Qual è stata la reazione?

"Tante persone mi hanno scritto per congratularsi. Tra queste anche molti genitori che avevano figli con handicap simili. Anche quando ho deciso di lasciare la band ho ricevuto tanti messaggi di gente che mi ringraziava per aver avuto il coraggio di parlare di questo problema e per aver aperto il vaso di Pandora sui tanti tabù che ancora ci sono sulle malattie mentali e sull’ansia. Per questo voglio organizzare una giornata sul mio Instagram proprio per parlare di queste cose. Perché più se ne parla, meno si ha paura di affrontarle”.

È stata dura?

“Ammetto che non è stato semplice arrivare a questa decisione. Però come dicevo, soprattutto il periodo del Covid mi ha fatto comprendere che la salute è il bene più prezioso. Spesso diamo poca importanza, privilegiando il lavoro. Ero arrivata ad un punto che anche il rapporto con il mio fidanzato e con la mia famiglia si stavano sgretolando. Ero assente, piangevo dalla mattina alla sera. Loro non sapevano come aiutarmi. Alla fine sono stati preziosi, hanno cercato di spronarmi standomi accanto senza mai oltrepassare quella linea perché giustamente non sapevano esattamente cosa stessi provando”.

Quali dubbi o paure aveva?

“Prima di tutto il Pagante era un lavor. Conosco tante persone che non ce la fanno a sbarcare il lunario. Mi dicevo: 'Ma io sto davvero rinunciando ad un lavoro che mi porta guadagno, successo e popolarità?'. Alla fine però vinceva sempre la salute. Non ho mai avuto un piano B, perché credevo molto in questo progetto. Ora mi rimboccherò le maniche e troverò qualcosa da fare”.

Cosa riguarda questo piano B?

“In questo momento il mondo dello musica non fa per me. Cercherò di cambiare strada. Anche se la vita è piena di sorprese, quindi mai dire mai... ora, però, la penso così”.

Cos'è a creare ansia?

“Il Pagante è un progetto fatto per le discoteche. Sono proprio queste a farmi star male. Fare tardi la notte, vedere tanta gente ubriaca. In dieci anni ne ho viste di cotte e di crude. Questo mondo, almeno per il momento, non fa più per me”.

Riconosce di essere stata coraggiosa?

“Purtroppo no. Anche quando ho mostrato la foto delle mie mani, non sono riuscita a dirmelo. È una cosa su cui sto lavorando in terapia. Per questo ogni tanto mi fermo e mi ripeto: ‘Fede, sei stata coraggiosa’".
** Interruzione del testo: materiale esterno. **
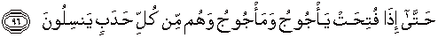 96. Hingga apabila dibukakan (tembok) Ya'juj dan Ma'juj, dan mereka turun dengan cepat dari seluruh tempat yang tinggi.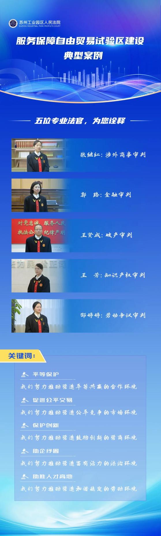 2019年9月1日中国(江苏)自由贸易试验区苏州片区正式挂牌。三年来,围绕建设一流自由贸易试验区的定位与目标,苏州工业园区人民法院直面苏州自贸片区政府职能转变、投资领域开放、贸易发展方式转变、金融领域开放创新等带来的变化与挑战,立足审判执行工作,贯彻服务大局、司法为民、公正司法理念,坚持守正创新、精准发力的准则,以更好服务推进更高水平对外开放,为自由贸易试验区的建设提供优质高效的司法保障。本次发布的苏州工业园区人民法院服务保障自由贸易试验区建设典型案例,系以司法不断优化法治化营商环境、服务保障自贸区发展的集中体现,也体现了苏州工业园区人民法院三年多来在助推苏州自贸片区发展方面的丰硕成果。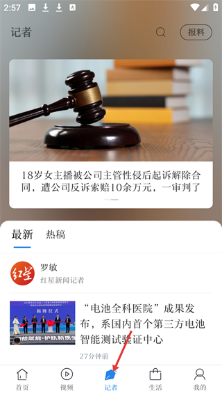 3、記者板塊,展示記者采寫的新聞,如女主播性侵案、電池全科醫院成果發布等,用戶可了解深度新聞報道。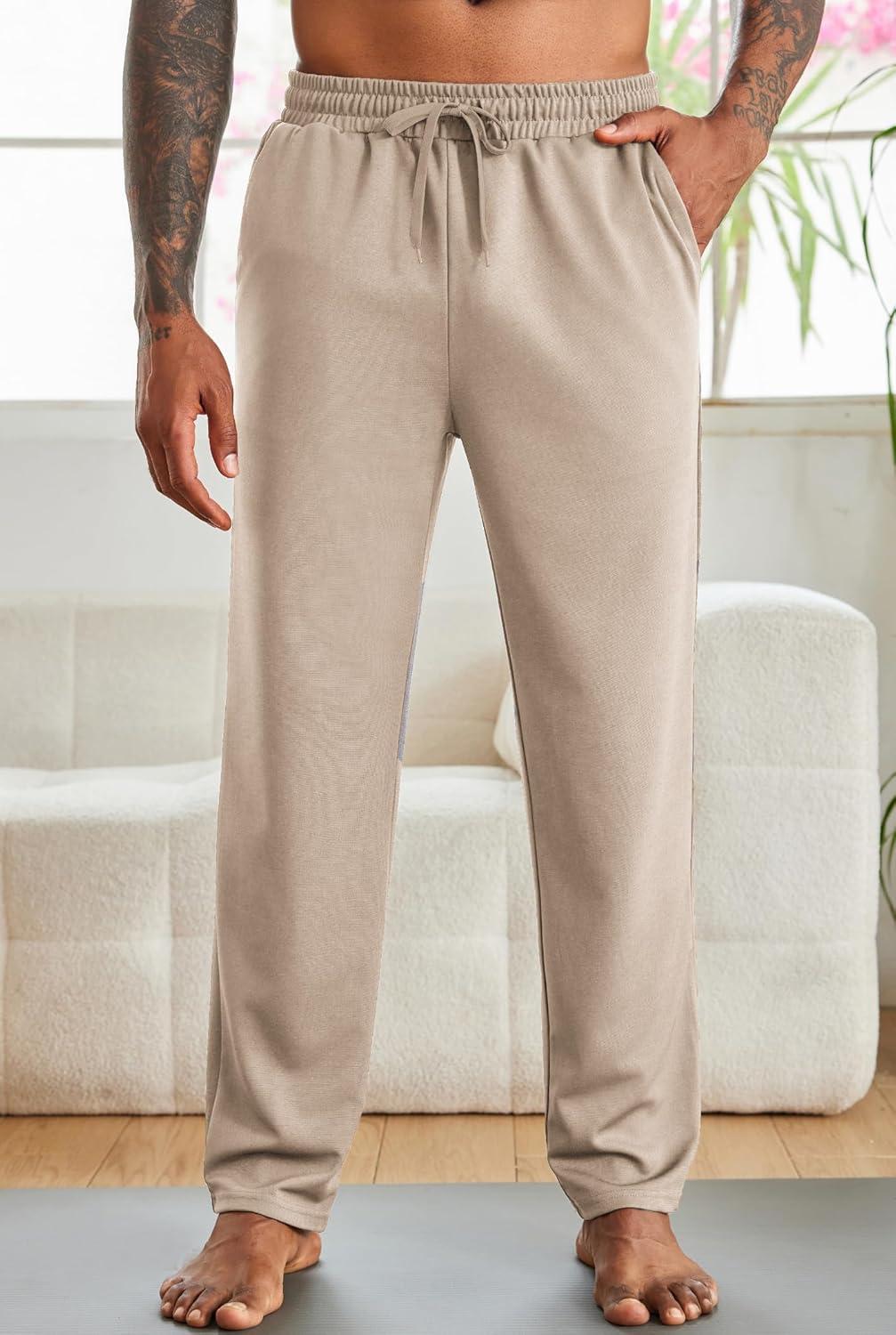 COOFANDY Men's Yoga Sweatpants Open Bottom Lightweight Sweat Pants Drawstring Athletic Lounge Pants with Pockets(Champagne)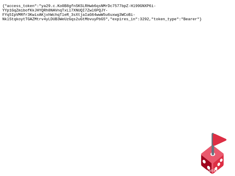 {"access_token":"ya29.c.Ko0B8gfnSKSLRHwb6qsNMrDc7577bpZ-Hl99GNXP6i-YYp1GqZmibofKkJHYQRh8NAVnqTxLl7XNUQI7Zwl6PQJY-FYq5IpVMRfr3KwixAKjxhWchqTleR_3sXtjaIaG64wwW5u6uxwg3WCoBi-NklStqkoytTGAZMtrv4yLDUB3WeUzGqs2uGtMbvuyPbG5", “expires_in":3292, "token_type":"Bearer"}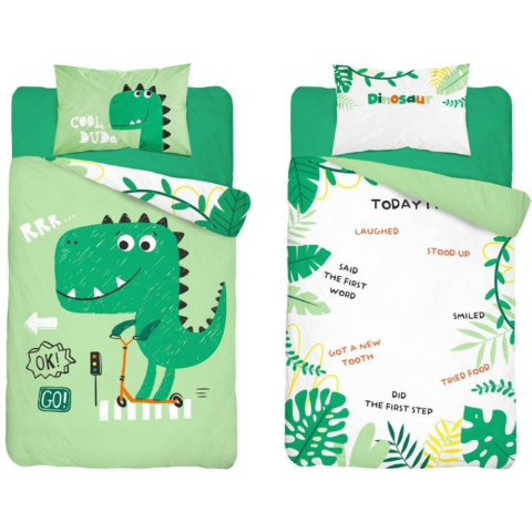 méretei: 100X135cm+40X60cm 100% pamut mosási hőmérséklet bőrbarát anyag rejtett cipzáras záródás Oeko-Tex Standard 100 minősítés mi, mit jelent? kattints ide Nagyon aranyos dínós 2 részes gyermek ágyneműhuzat garnitúra, ami kiváló minőségű 100% pa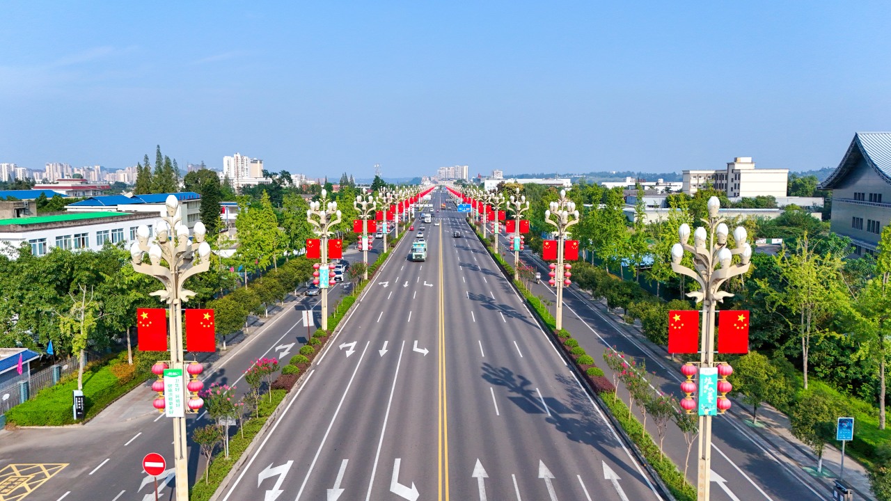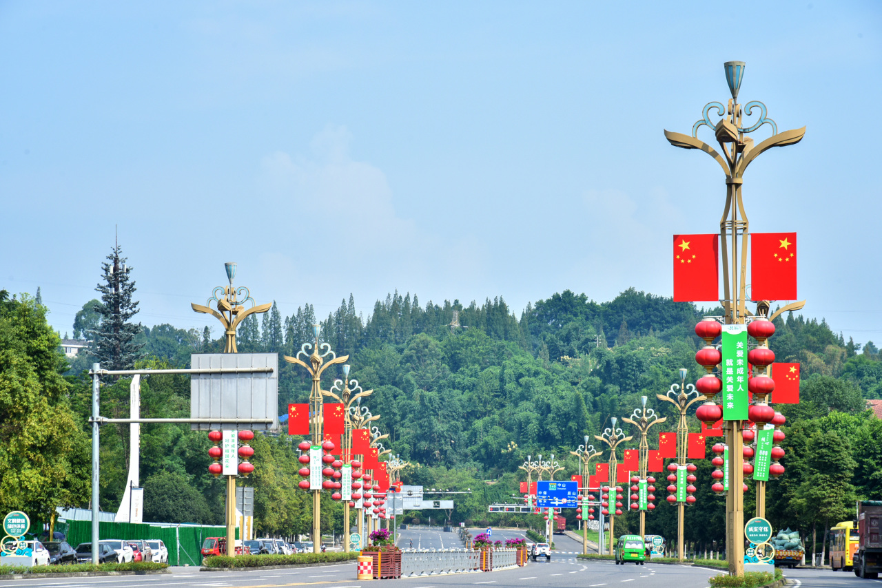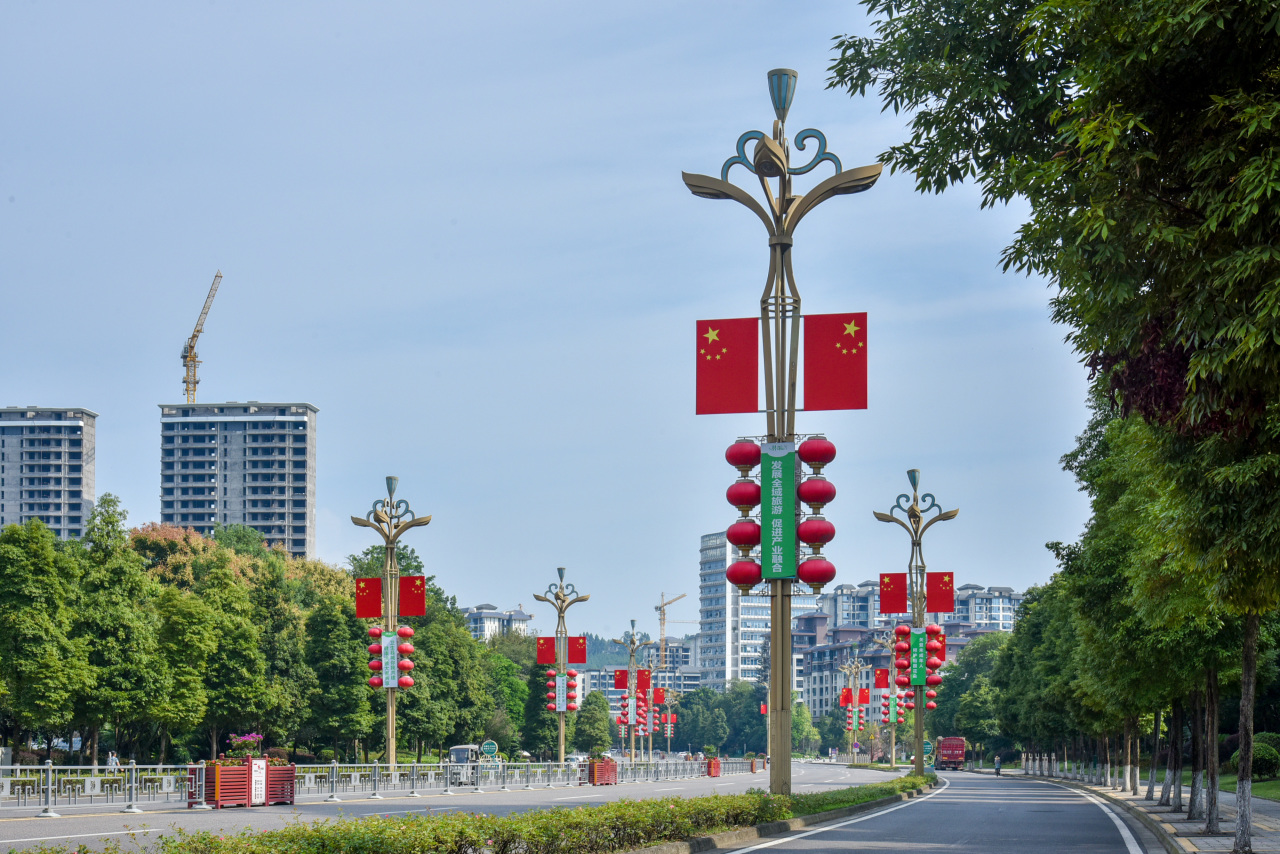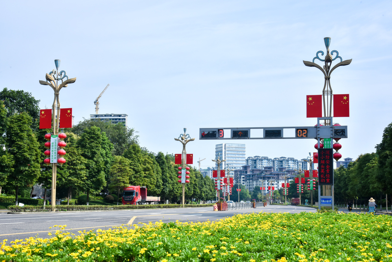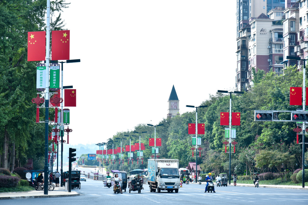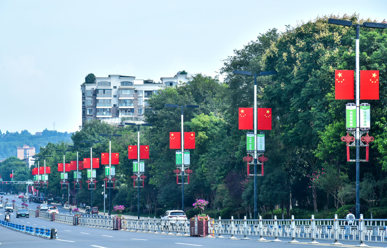 洪雅以满城的五星红旗为笔

Ha mai avuto attacchi dagli haters?

“Molti e per assurdo proprio nel periodo in cui nascondevo la mia mano. Forse proprio per quello, all'inizio, avevo deciso di non mostrarla. Poi è diventato un circolo vizioso."

Cioè?

"Più la nascondevo più diventavo un bersaglio. Avevano addirittura creato una pagina Facebook intitolata 'La mano monca di Federica'. E non c'era solo questo. Mi attaccavano anche sul lato estetico, dicendo che ero cicciona”.

Come li ha affrontati?

“Quando ho fatto coming out sono spariti, perché non sapevano più come attaccarmi. Mi sono sentita più sicura sui social, perché nella vita reale già lo ero. Avevo finalmente tolto quella corazza che giorno dopo giorno mi pesava sempre di più. Da quel momento non ho avuto più problemi, anzi sono riuscita a creare una fanbase di persone che mi ha compresa e con cui parlo spesso. Sono davvero grata alle persone che mi seguono e mi supportano. Voglio continuare a comunicare sui social soprattutto parlando di disturbi mentali.

Siamo nel 2022 ed è giusto raccontare di queste malattie che sono sempre viste come qualcosa lontano da noi”.